Think-tanks must be objective: Shanmugam

Home Affairs and Law Minister explains crucial role of think-tanks in S'pore

Think-tanks may disagree with the Government, but they must not do so under the influence of a foreign country, Home Affairs and Law Minister K. Shanmugam said yesterday.

While such institutions play an important role - to explore issues civil servants may not be able to - they must maintain an independent stance.

"Objectivity is critical," he said at a forum by the Lee Kuan Yew School of Public Policy.

His remarks come shortly after an academic was rapped for working with a foreign government to influence Singapore's foreign policy.

Dr Huang Jing, 60, who was from the Lee Kuan Yew School of Public Policy, had his permanent residency cancelled this month after the Home Affairs Ministry labelled him "an agent of a foreign country".

While Mr Shanmugam did not refer to a specific case, he said it was unacceptable for academics to be "suborned" and to project views of a foreign country "under the guise of objectivity and academic freedom", with a hidden agenda of influencing Singapore's policies.

He said academics do so because they are "working with foreign intelligence" or because they are "seduced by them".

He was responding to a question about the role of think-tanks and businessmen in foreign relations.

Mr Shanmugam said the late deputy prime minister Goh Keng Swee set up think-tanks to provide fresh perspectives and prevent groupthink.

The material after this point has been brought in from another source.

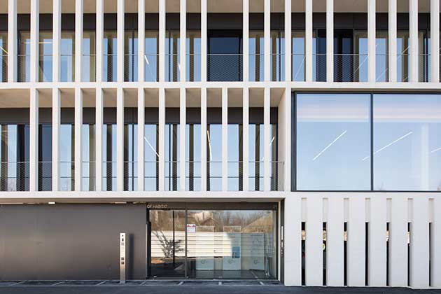 Sul lato opposto all’ingresso il fronte si fa invece più compatto, con un ritmo serrato di aperture verticali: si tratta delle facciate sud, est e ovest, dove è necessario filtrare l’irraggiamento solare e creare una barriera acustica contro il rumore generato dal vicino passaggio dei treni.

Dr Goh pictured think-tanks challenging the Government's views at times and being knowledgeable, objective and clear.

"Dr Goh would certainly turn in his grave if he thinks that the think-tanks he set up or was responsible for have become instruments of influence for other countries," he said.

He added that think-tanks should challenge the Government "where (the Government) needs to be challenged".

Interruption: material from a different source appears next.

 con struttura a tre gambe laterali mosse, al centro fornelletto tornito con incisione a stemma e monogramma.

Academics ought to be "real scholars and put forward (not just) scholarly viewpoints, but practical ones, that help the country".

Turning to businessmen, he said they played a key role in expanding Singapore's gross national product and in building good economic relations with other countries, which helps Singapore's foreign relations.

But both businessmen and the Government should "understand where the line is drawn", and the Government cannot take the advice of businessmen due to the different perspectives.